The initial investigation suggested a problem with the communication bus on the UPS. The manufacturer head office recommended replacing the entire communication hardware for the first two UPS units and immediately dispatched parts and an engineer from their head office. Unfortunately, due to a couple of delays, they did not arrive until 11:30pm. Work was finally completed and signed off by 4am on Saturday when IS staff involved could finally go home.
Saturday
An IS team arrived on-site on Saturday morning to power on the remaining servers, restoring most services to full working order by 10am. Given the power “all-clear” from the UPS manufacturer and Future-tech we were also able to increase the power load within the room. At this point additional equipment was powered on, restoring other services including for Computer Science, the UK Mirror Service and for our High Performance Computing cluster users.
What actually went wrong?
While there were a number of factors and we still await the official report from the UPS manufacturer and installation company, it appears the cause was faulty hardware in the second UPS device during a state where we did not have the resilience in place to prevent a power outage. There were always going to be periods of higher risk where we did not have resilience against certain failures. Although the devices passed all tests before going into service, they still failed. The risk period was extended after the third unit, which would have added the resilience, was found to be damaged on arrival.
What went right?
While the negative event of losing power will always overshadow this work, it is important to recognise a number of things that did go well. Replacing a vital component supplying power to the data centre is always going to be a difficult and risky process and the initial plans (which we rejected) involved a prolonged period with all power cut. The engineers were able to produce a plan which would have maintained power throughout the upgrade, if it were not for an unexpected hardware failure at the wrong time.

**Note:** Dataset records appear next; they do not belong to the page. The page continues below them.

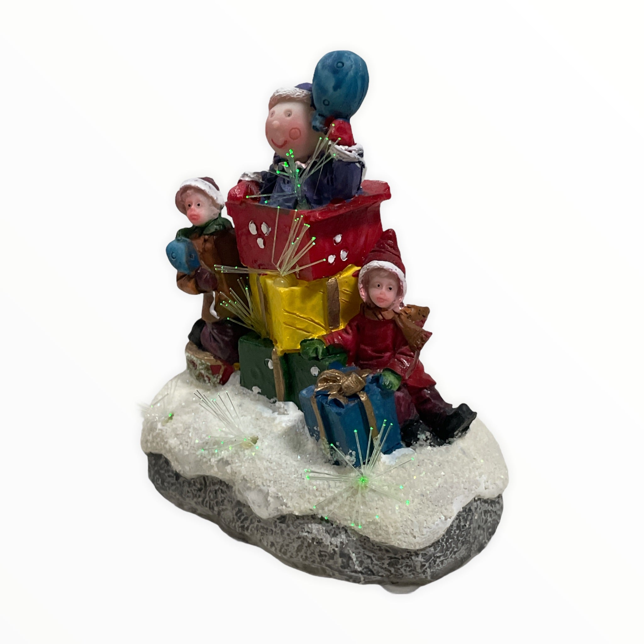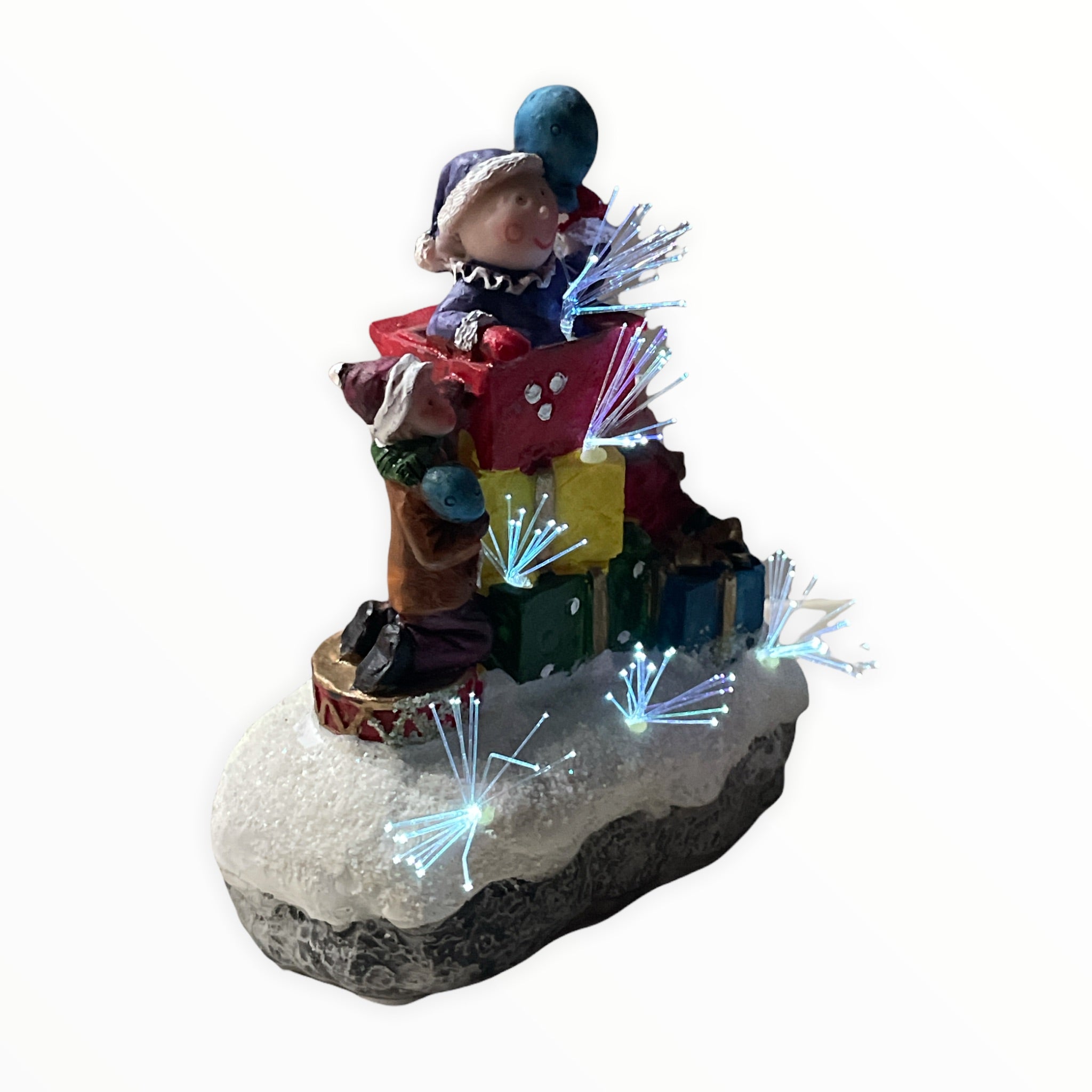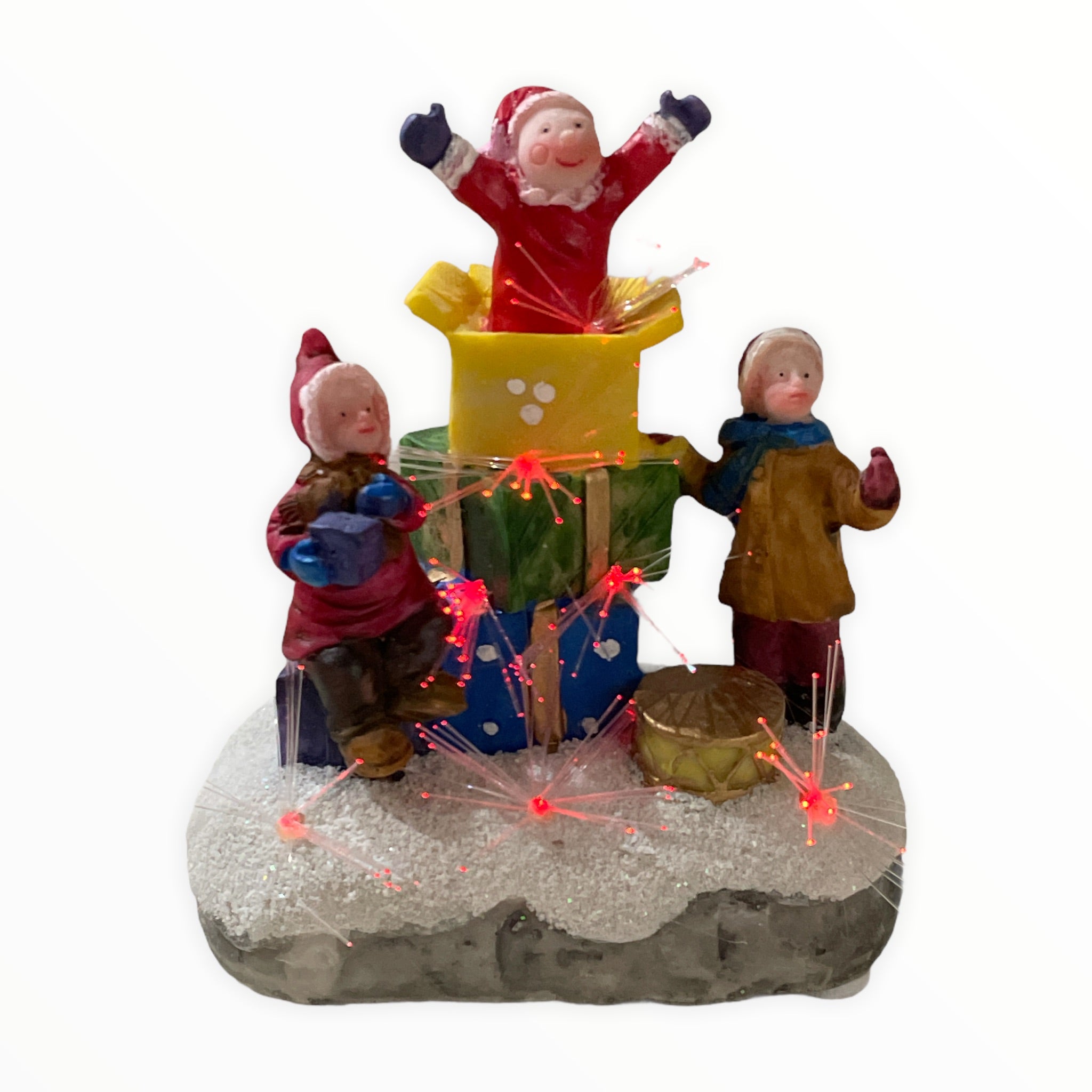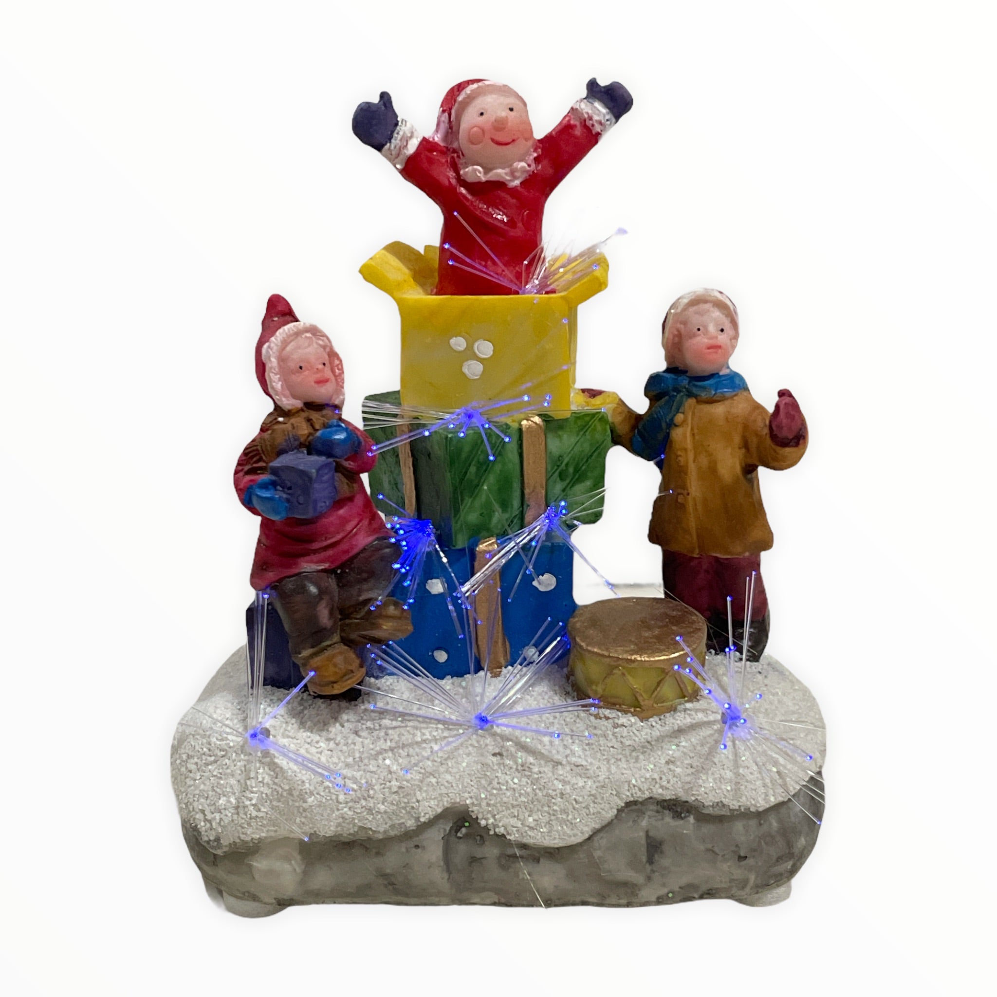 Figurina este realizată din polirășină vopsită și poate prezenta mici imperfecțiuni de turnare sau culoare și funcționează cu 2 baterii AAA.
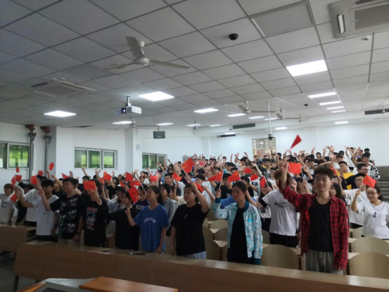 大会开始,同学们全体肃立,迎国旗,升国旗,奏唱国歌,行瞩目礼。习近平总书记发表重要讲话:“一百年来,中国共产党团结带领中国人民进行的一切奋斗、一切牺牲、一切创造,归结起来就是一个主题:实现中华民族伟大复兴......”习近平总书记的发言字字振奋人心,句句铿锵有力,点燃了所有中华儿女的民族自豪感。
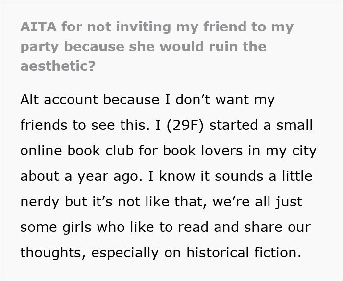 For instance, one woman shared how she organized a book-themed ball for her club but decided not to invite her close friend, fearing she’d “ruin the aesthetic” by showing up underdressed. When the friend eventually found out, it led to hurt feelings and silence. Now, the internet is split: was the host simply protecting her vision, or was she being unnecessarily shallow?

From the IS point of view, the biggest success story is how quickly we were able to recover. An unexpected power off has been planned for and discussed a number of times. Systems have been built with resilience and recovery in mind, but a disaster on this scale has never been tested or rehearsed. IS staff can take a great deal of pride for how quickly we were able to recover from this, especially during a time when the majority of staff were working in isolation remotely. What we thought could take days took a few hours or in some cases just a few minutes.
What have you learned for the future?
It is difficult to know what could have been done differently to avoid the failure, though we have asked for suggestions from our maintenance company in their official report. However, it is gratifying to reflect how quickly many core services were restored. Systems had been built with resilience and recovery in mind but never put to the test in such a way.
Although we would never have chosen to boot all VMware servers together, believing the dependency chain to be critical, doing this quickly restored services, leaving us to fix those that did not boot into an operational state.